• _Directions_
Your job is to print, exactly, the lines in the data below from the line with "Poor Peppa! Mrs" through the line with "El siguiente cuadro", both included, and to omit any picture.

Material provided START

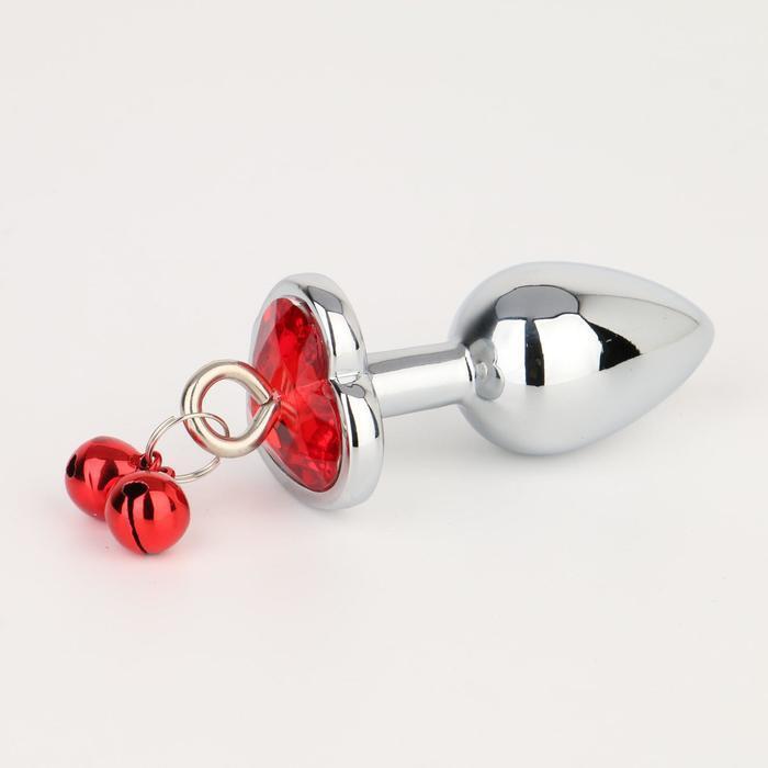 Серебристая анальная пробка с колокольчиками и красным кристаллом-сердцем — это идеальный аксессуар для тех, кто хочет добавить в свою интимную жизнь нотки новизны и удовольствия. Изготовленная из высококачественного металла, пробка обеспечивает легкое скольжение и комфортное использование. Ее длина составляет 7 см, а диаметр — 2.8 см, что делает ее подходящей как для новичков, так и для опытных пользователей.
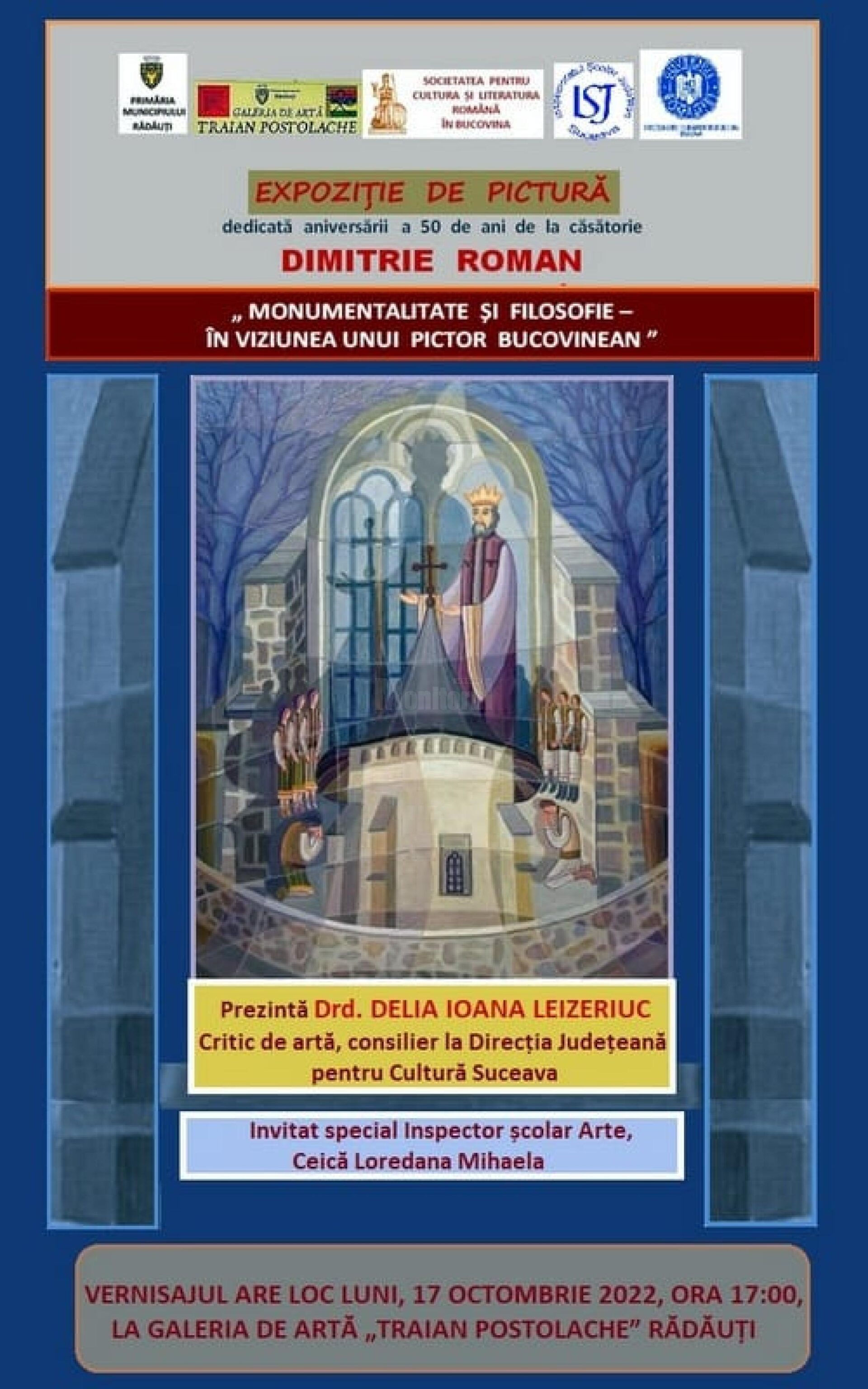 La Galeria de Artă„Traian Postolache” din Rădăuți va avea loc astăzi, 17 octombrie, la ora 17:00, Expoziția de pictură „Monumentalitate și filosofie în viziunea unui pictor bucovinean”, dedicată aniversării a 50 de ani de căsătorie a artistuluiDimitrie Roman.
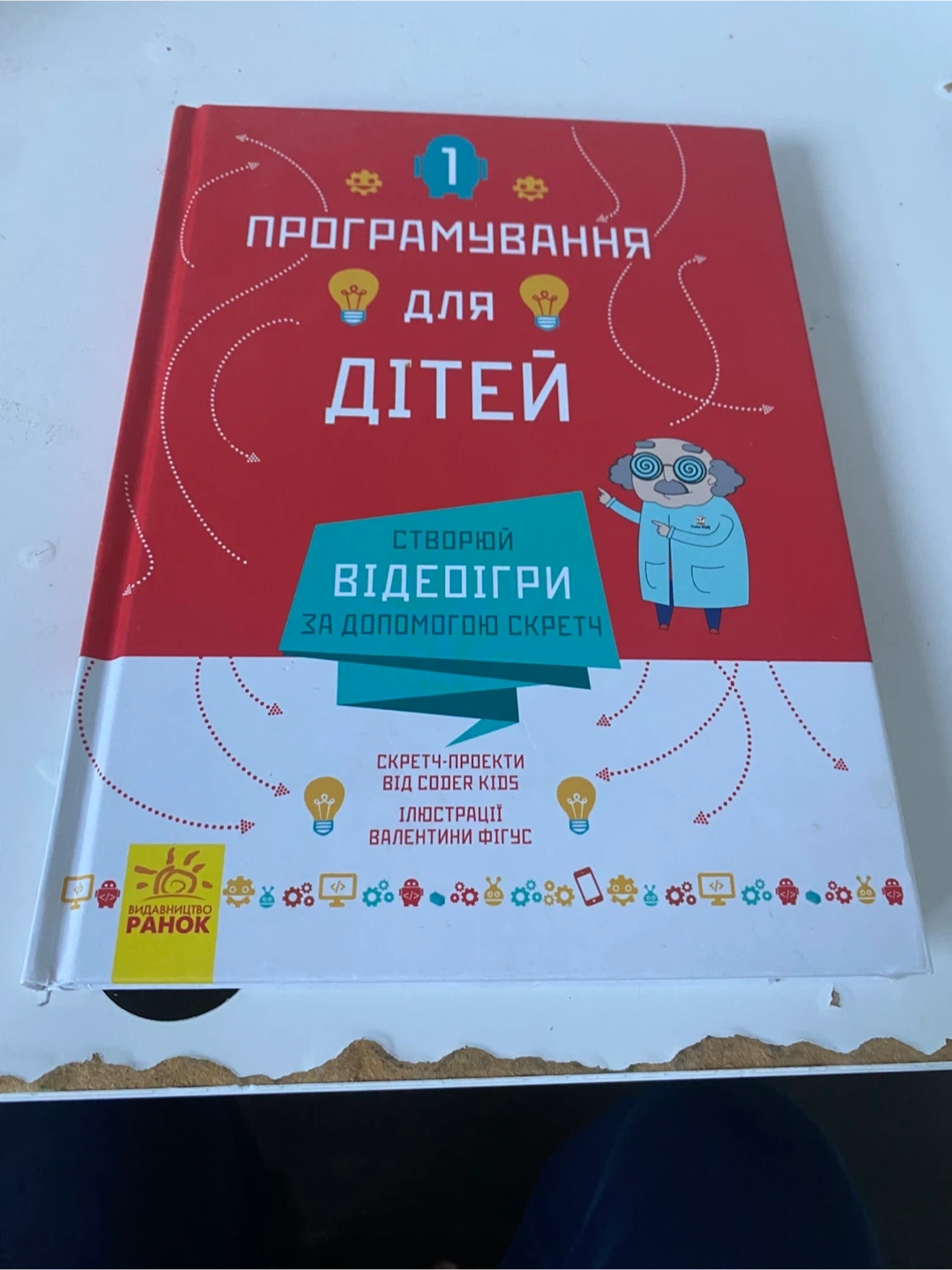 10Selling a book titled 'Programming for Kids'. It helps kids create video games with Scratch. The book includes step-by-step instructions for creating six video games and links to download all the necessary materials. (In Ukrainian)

Material provided END
Material provided START

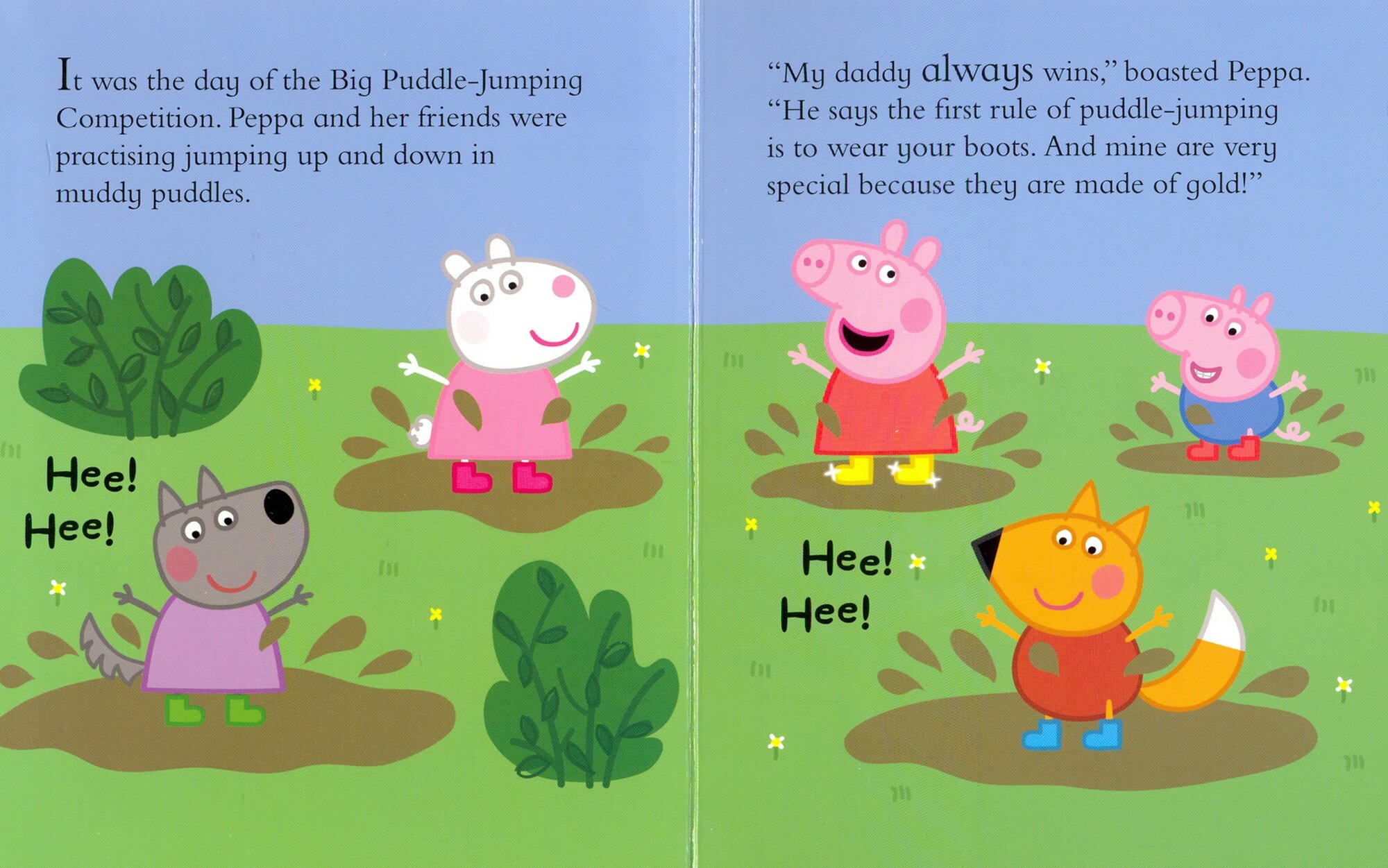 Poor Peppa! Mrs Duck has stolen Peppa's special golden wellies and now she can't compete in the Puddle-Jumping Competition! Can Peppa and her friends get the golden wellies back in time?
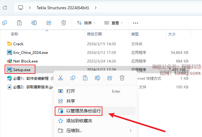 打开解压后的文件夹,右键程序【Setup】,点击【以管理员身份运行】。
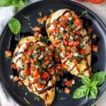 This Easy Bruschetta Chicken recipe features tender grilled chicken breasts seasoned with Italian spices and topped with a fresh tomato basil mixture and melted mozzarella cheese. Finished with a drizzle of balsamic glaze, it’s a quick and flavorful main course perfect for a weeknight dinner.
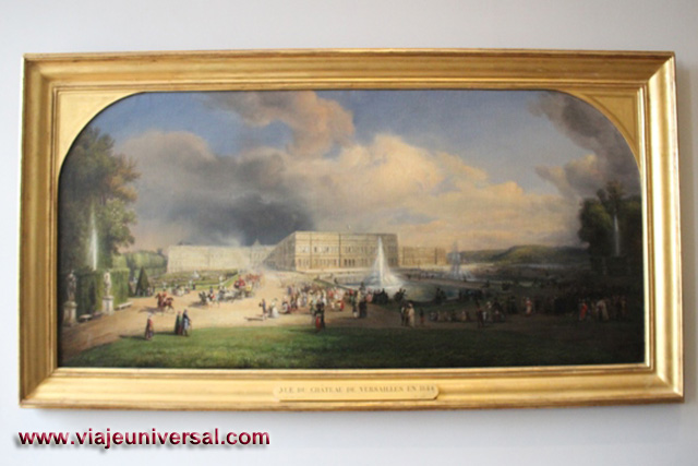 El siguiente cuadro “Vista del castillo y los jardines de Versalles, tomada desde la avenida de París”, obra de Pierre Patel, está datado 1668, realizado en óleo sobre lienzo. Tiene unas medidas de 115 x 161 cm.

Material provided END

• _Answer to this task_
 Poor Peppa! Mrs Duck has stolen Peppa's special golden wellies and now she can't compete in the Puddle-Jumping Competition! Can Peppa and her friends get the golden wellies back in time?
 打开解压后的文件夹,右键程序【Setup】,点击【以管理员身份运行】。
 This Easy Bruschetta Chicken recipe features tender grilled chicken breasts seasoned with Italian spices and topped with a fresh tomato basil mixture and melted mozzarella cheese. Finished with a drizzle of balsamic glaze, it’s a quick and flavorful main course perfect for a weeknight dinner.
 El siguiente cuadro “Vista del castillo y los jardines de Versalles, tomada desde la avenida de París”, obra de Pierre Patel, está datado 1668, realizado en óleo sobre lienzo. Tiene unas medidas de 115 x 161 cm.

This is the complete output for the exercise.